Originally released in 2015, the Ruger Precision Rifle (RPR) was designed to give shooters a practical and affordable precision rifle that could compete with much more expensive offerings. The RPR also included several deviations from the traditional bolt-action design, most notably the AR-type chassis, which opened up a plethora of readily available and affordable interchangeable parts.
The test rifle, chambered in 6.5mm Creedmoor, weighs 4.85kg and has a 26-inch threaded barrel fitted with Ruger’s Hybrid muzzle-brake. The barrel is of cold hammer-forged 4140 chrome-moly steel, with 5R rifling at minimum bore and groove dimensions.
The most notable difference between the Gen 3 and previous generations is a redesigned M-Lok-type handguard with six screws attaching it to the receiver. The M-Lok system is popular locally and most retailers stock M-Lok attachments.

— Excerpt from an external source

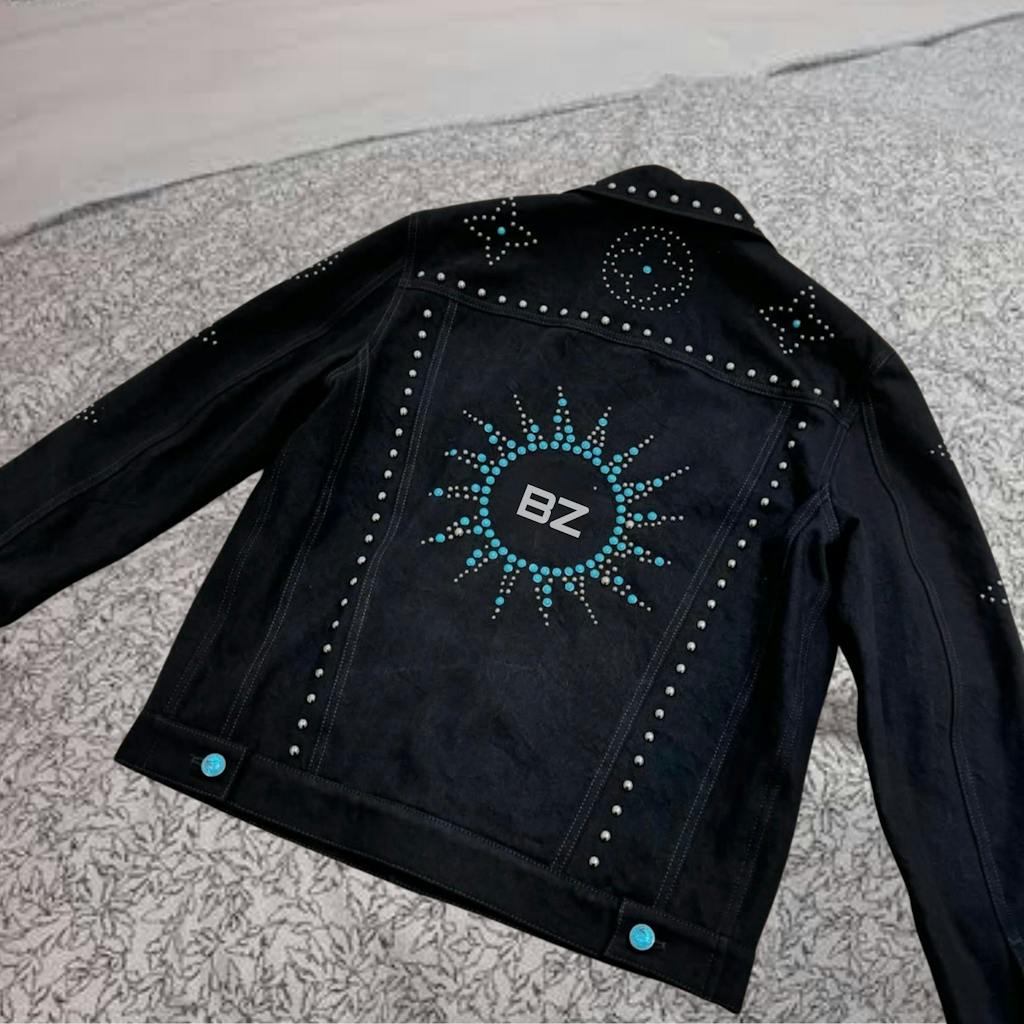 Crafted in deep black with hand-placed rhinestone and stud detailing, this jacket features bold geometric and celestial motifs across the front, sleeves, and back. The signature BZ sun-orbit emblem at the back represents power, dominance, and controlled energy — a true symbol of authority.

The upper receiver and one-piece bolt are CNC-machined from pre-hardened 4140 chrome-moly steel. The bolt has three locking lugs with a 70-degree throw and has a removable extended aluminium shroud on the rear end which moves into a buffer tube in the stock as the bolt is retracted. The shroud has a plastic cap at the back which can be removed, revealing an Allen key and striker channel cleaner. Care must be taken when replacing this cap as it twice came off during range sessions.

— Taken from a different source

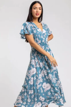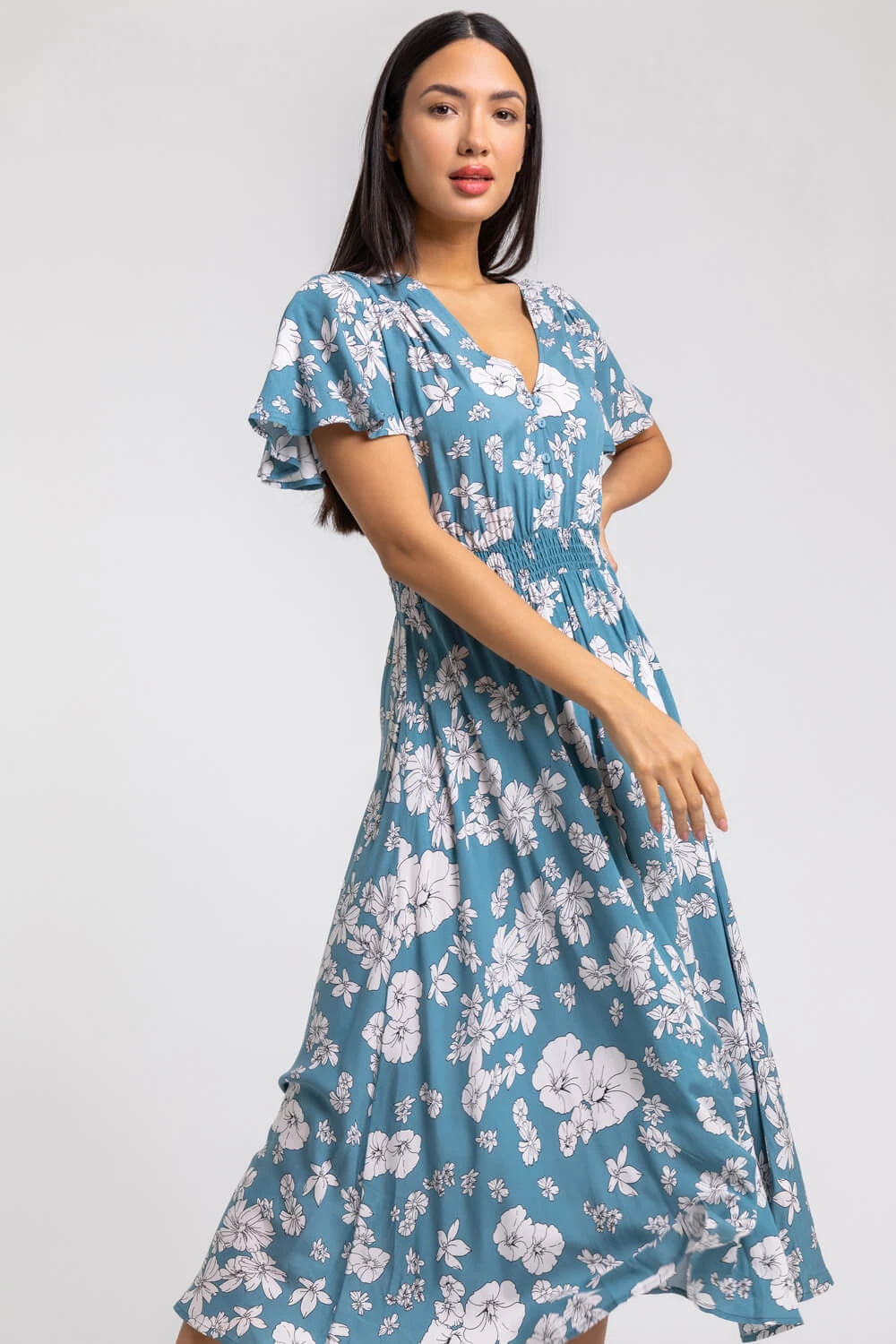 This beautiful midi length dress is everything you want a summer dress to be. Cut with a flattering v neckline, a shirred waist and short sleeves, this beautiful dress is adorned in an all over floral print perfect for garden parties and all occasions. Finished with a fit and flare design, this timeless piece looks great teamed with sandals.

The bolt-handle is oversized and threaded, thus can be replaced. The Picatinny rail on the receiver is 20MOA, and the underside of the handguard is fitted with a small rail at the front for attaching a bipod or sling.
The folding stock can be adjusted for length-of-pull, the cheek-piece can be raised, lowered, moved forward and backwards and the butt plate can be canted. The stock, attached to an AR-type buffer tube, has QD sling attachment points, a short Picatinny rail on the underside and is finished off with a soft rubber recoil pad.
Adjustment of the cheek-piece and length-of-pull was initially somewhat finicky but I soon got the hang of it. The instruction manual states that the length-of-pull should be set first; this can be done in ¼-inch increments, and only then should the cheek-piece be adjusted. Both are locked into place with cam-levers.
The stock can be folded by pressing a single button, and can be locked in the folded position by twisting the opposite end of the same button 90 degrees. Having a folding stock can be convenient when handling a rifle in confined spaces or for travelling, but with the RPR it is essential, as bolt removal is achievable only with the stock folded away.
The adjustable trigger has a blade-safety, and the test-rifle’s was set to 2½lbs, but can be adjusted from 2¼ to 5lbs. I found the trigger good enough for precision work from 100m to 500m, breaking cleanly with no over-travel. Trigger adjustment does not require the stock to be removed; simply insert the supplied Allen key next to the mag release lever and adjust the set-screw. Timney makes a replacement trigger for the RPR.